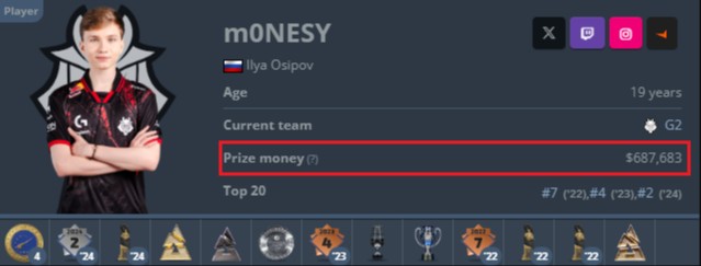 На портале HLTV.org вышло обновление. Теперь в профиле игроков отображается заработанная сумма с призовых за всю карьеру. Стоит отметить, что сумма призовых неточная. Портал делит общий заработок команды с ивента на всех участников состава, но не учитывает долю организации.
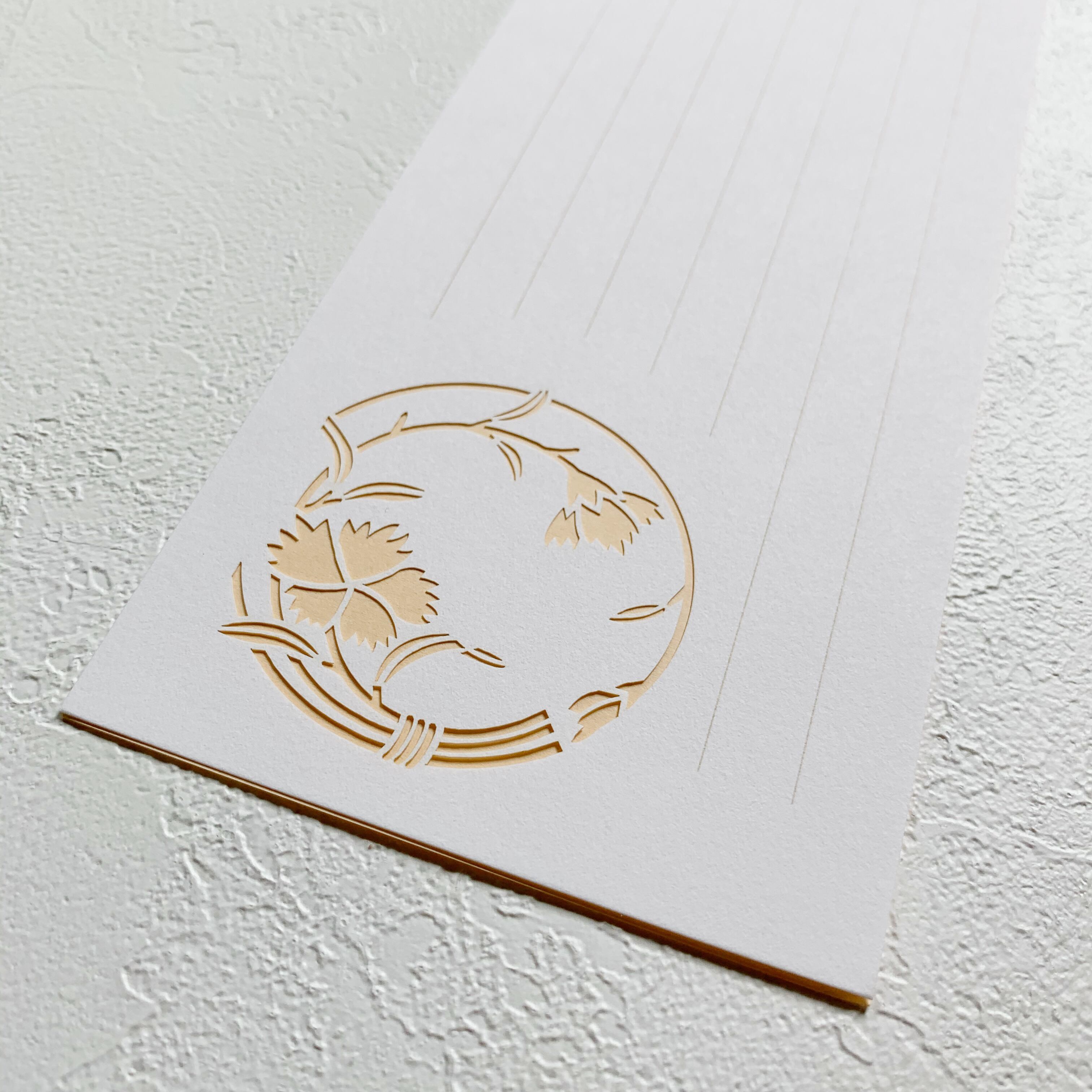 一筆箋"ひととせ”は季節を感じられる『家紋』を繊細にカットし、1枚1枚作っております。
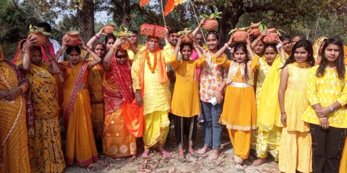 इससे पूरा क्षेत्र आध्यात्मिक ऊर्जा से भर उठा।सुबह कथा स्थल से प्रारंभ हुई यह शोभा यात्रा गांव के प्रमुख धार्मिक स्थलों, जैसे कि मां काली माता मंदिर, हनुमान मंदिर, दुर्गा मंदिर, डिवहारिन स्थान होते हुए पुनः कथा स्थल पर वापस पहुंची। यात्रा में महिलाओं की टोलियां सिर पर कलश धारण किए मंगल गीत गाती हुई चल रही थीं,
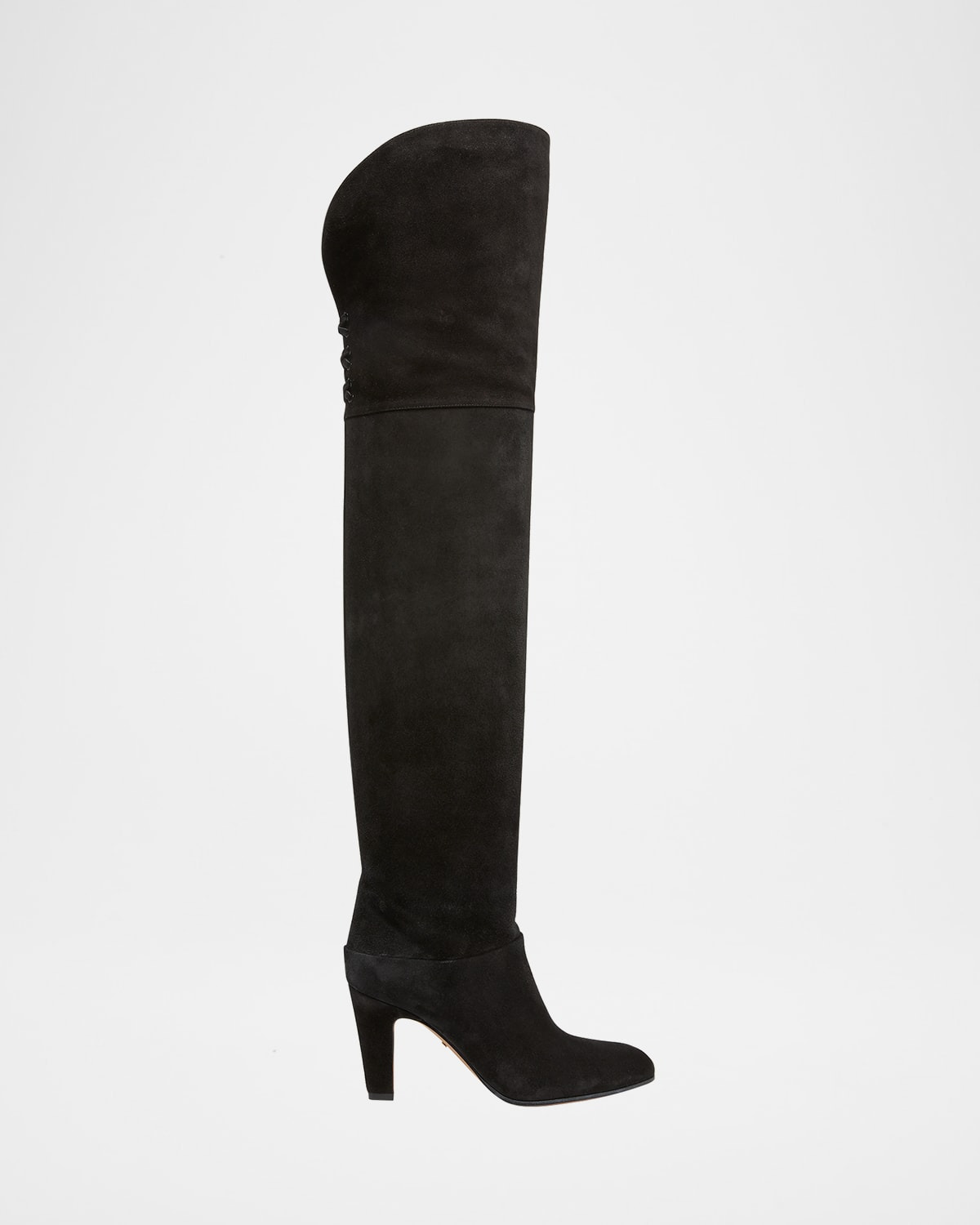 Exuding equestrianinspired glamour, the "Eve" boots by Chloe are crafted in supple suede with back laceup detailing for a subtle Western touch 3.25 in / 85 mm covered stiletto heel Closed almond toe Dramatic curved collar Formfitting shaft elongates the leg Pullon style Professional cleaning recommended Made in Italy
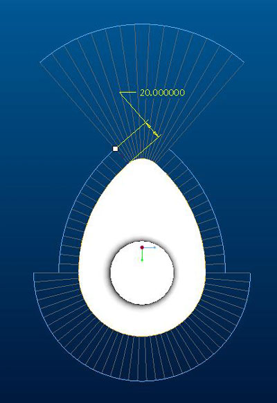 És most egy kicsit a bütykökről. Bármennyire is olyan egyszerűnek tűnik, mint egy 100-as szög, azért egy "picit" összetettebb a kérdés. Egyes (egyetemi) tankönyvekben még említést tesznek a 3 ívből összeálló bütyökről, de szerintem már nagyon-nagyon sok éve nem létezik ilyen új konstrukcióban. Ennek nagy előnye, hogy egy körzővel és az emelés belekalkulálásával körülbelül 38mp alatt megrajzolható a beméretezett bütyök. Aztán azon túl, hogy "végül is ez is működik", más jót nem is lehet mondani róla. Zajos, iszonyatos erőkkel terheli a vezérmű-részeket és ezáltal több nagyságrenddel nagyobb kopást idéz elő, mint a többi geometria. Ez így néz ki:
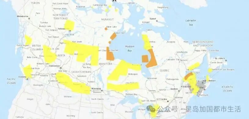 西北地区北Slave地区发出严寒警告,风寒值接近零下50度。努纳武特多个社区则同时受暴风雪、冬季风暴及强风警告影响,能见度或降至近乎零,阵风达每小时80至100公里。
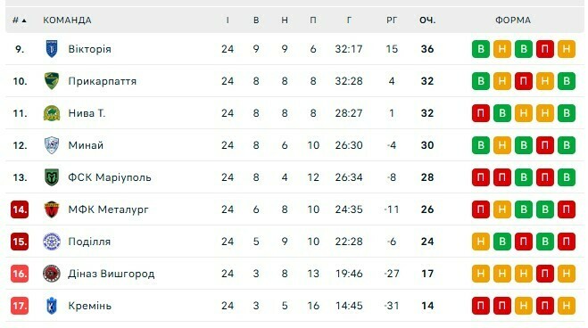 Диназ и Кремень выбыли из Первой лиги, а Металлург и Подолье проведут переходные поединки с представителями Второй лиги.
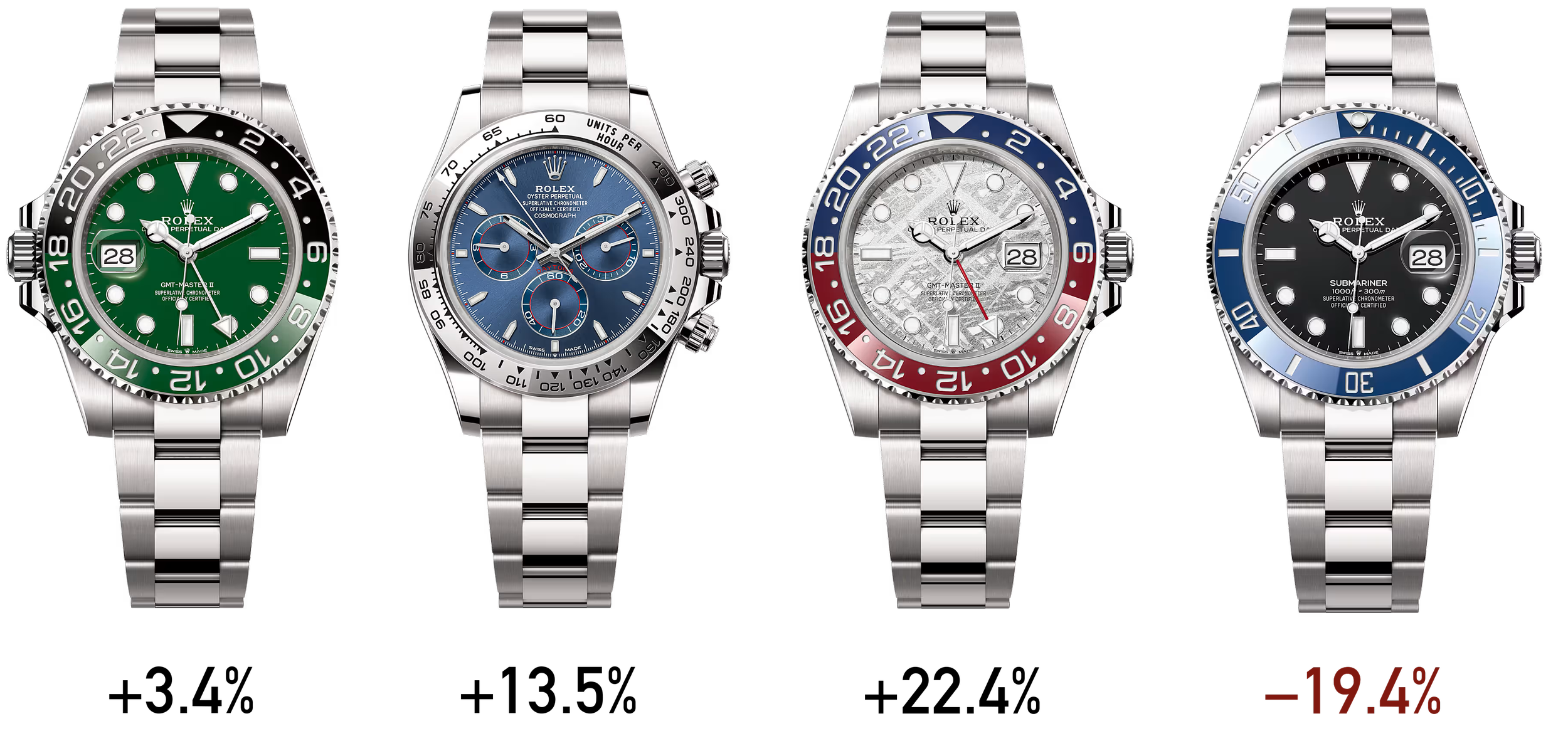According to Chrono24, which has visibility into actual sold prices on its platform, not just list prices, the average sold price of an unworn Submariner in white gold stands at $42,000. That means a drop of roughly $10,000 from retail, or about 19%, for a watch resold immediately after purchase. The discount widens to a staggering 25% once the watch has been worn. Some may say white gold and steel are too similar in appearance, but it is a fate not necessarily shared by other references.
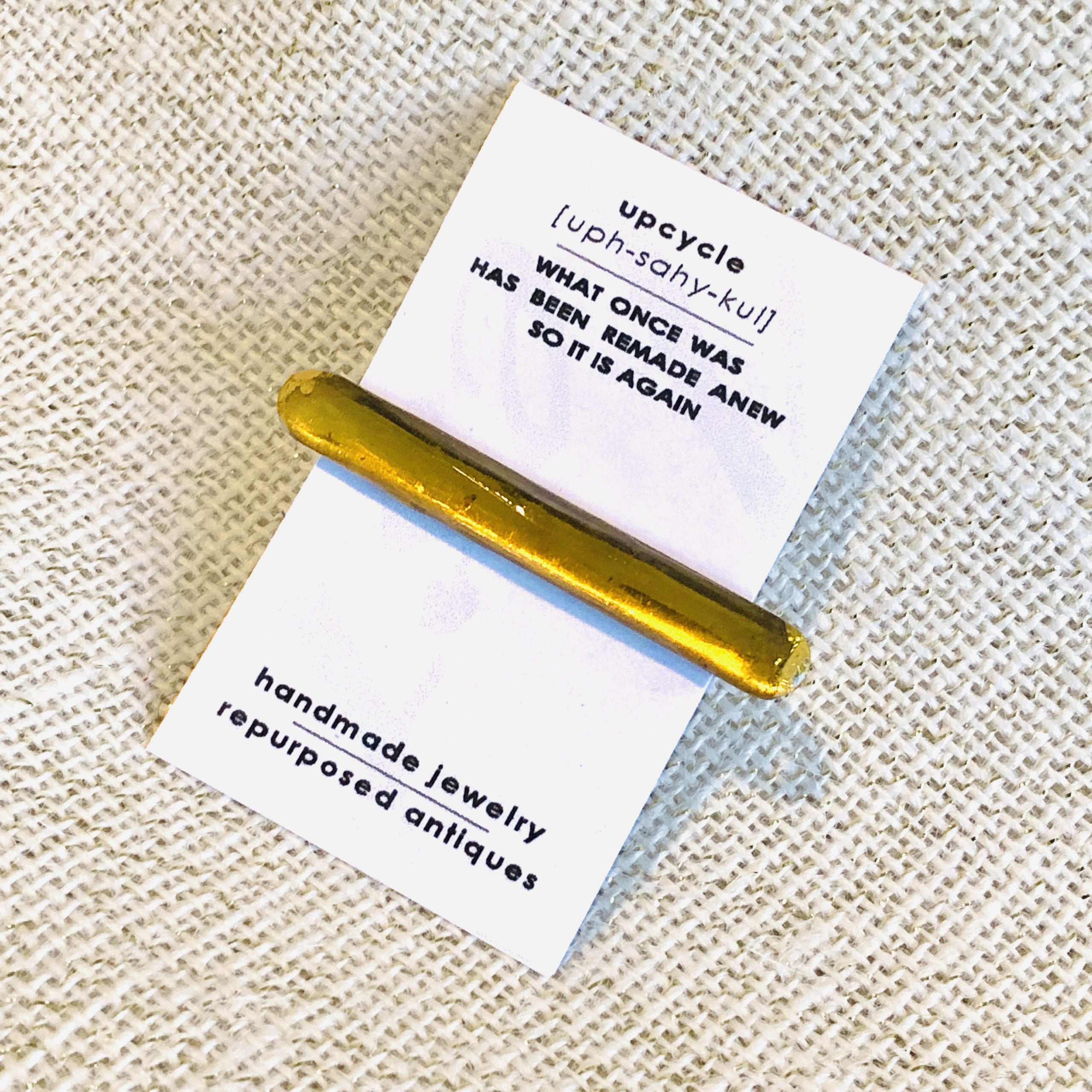 An oblong Art Deco piece of glass has been used to create this upcycled tie bar. The rounded ends lend this piece an air of elegance, while the color and gently aged foil backing make it a truly striking statement—the perfect gift for those who enjoy dressing in suits. The glass, from the 1920s, is now 100 years old!
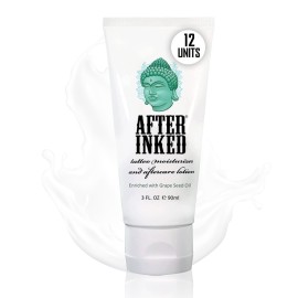 After Inked Tattoo Aftercare Lotion - Moisturizing Balm for Inked Skin, As Seen on INK MASTER - Hydrating Cream with Grape Seed Oil, Skin Nourishment & Daily Maintenance- 3 Fluid oz Tube (12-Pack)

──────────

◆ YOUR GOAL
If pictures are present, they are dropped, and the entries above are written out word for word.

◆ EXERCISE SOLUTION
 На портале HLTV.org вышло обновление. Теперь в профиле игроков отображается заработанная сумма с призовых за всю карьеру. Стоит отметить, что сумма призовых неточная. Портал делит общий заработок команды с ивента на всех участников состава, но не учитывает долю организации.
 一筆箋"ひととせ”は季節を感じられる『家紋』を繊細にカットし、1枚1枚作っております。
 इससे पूरा क्षेत्र आध्यात्मिक ऊर्जा से भर उठा।सुबह कथा स्थल से प्रारंभ हुई यह शोभा यात्रा गांव के प्रमुख धार्मिक स्थलों, जैसे कि मां काली माता मंदिर, हनुमान मंदिर, दुर्गा मंदिर, डिवहारिन स्थान होते हुए पुनः कथा स्थल पर वापस पहुंची। यात्रा में महिलाओं की टोलियां सिर पर कलश धारण किए मंगल गीत गाती हुई चल रही थीं,
 Exuding equestrianinspired glamour, the "Eve" boots by Chloe are crafted in supple suede with back laceup detailing for a subtle Western touch 3.25 in / 85 mm covered stiletto heel Closed almond toe Dramatic curved collar Formfitting shaft elongates the leg Pullon style Professional cleaning recommended Made in Italy
 És most egy kicsit a bütykökről. Bármennyire is olyan egyszerűnek tűnik, mint egy 100-as szög, azért egy "picit" összetettebb a kérdés. Egyes (egyetemi) tankönyvekben még említést tesznek a 3 ívből összeálló bütyökről, de szerintem már nagyon-nagyon sok éve nem létezik ilyen új konstrukcióban. Ennek nagy előnye, hogy egy körzővel és az emelés belekalkulálásával körülbelül 38mp alatt megrajzolható a beméretezett bütyök. Aztán azon túl, hogy "végül is ez is működik", más jót nem is lehet mondani róla. Zajos, iszonyatos erőkkel terheli a vezérmű-részeket és ezáltal több nagyságrenddel nagyobb kopást idéz elő, mint a többi geometria. Ez így néz ki:
 西北地区北Slave地区发出严寒警告,风寒值接近零下50度。努纳武特多个社区则同时受暴风雪、冬季风暴及强风警告影响,能见度或降至近乎零,阵风达每小时80至100公里。
 Диназ и Кремень выбыли из Первой лиги, а Металлург и Подолье проведут переходные поединки с представителями Второй лиги.
According to Chrono24, which has visibility into actual sold prices on its platform, not just list prices, the average sold price of an unworn Submariner in white gold stands at $42,000. That means a drop of roughly $10,000 from retail, or about 19%, for a watch resold immediately after purchase. The discount widens to a staggering 25% once the watch has been worn. Some may say white gold and steel are too similar in appearance, but it is a fate not necessarily shared by other references.
 An oblong Art Deco piece of glass has been used to create this upcycled tie bar. The rounded ends lend this piece an air of elegance, while the color and gently aged foil backing make it a truly striking statement—the perfect gift for those who enjoy dressing in suits. The glass, from the 1920s, is now 100 years old!
 After Inked Tattoo Aftercare Lotion - Moisturizing Balm for Inked Skin, As Seen on INK MASTER - Hydrating Cream with Grape Seed Oil, Skin Nourishment & Daily Maintenance- 3 Fluid oz Tube (12-Pack)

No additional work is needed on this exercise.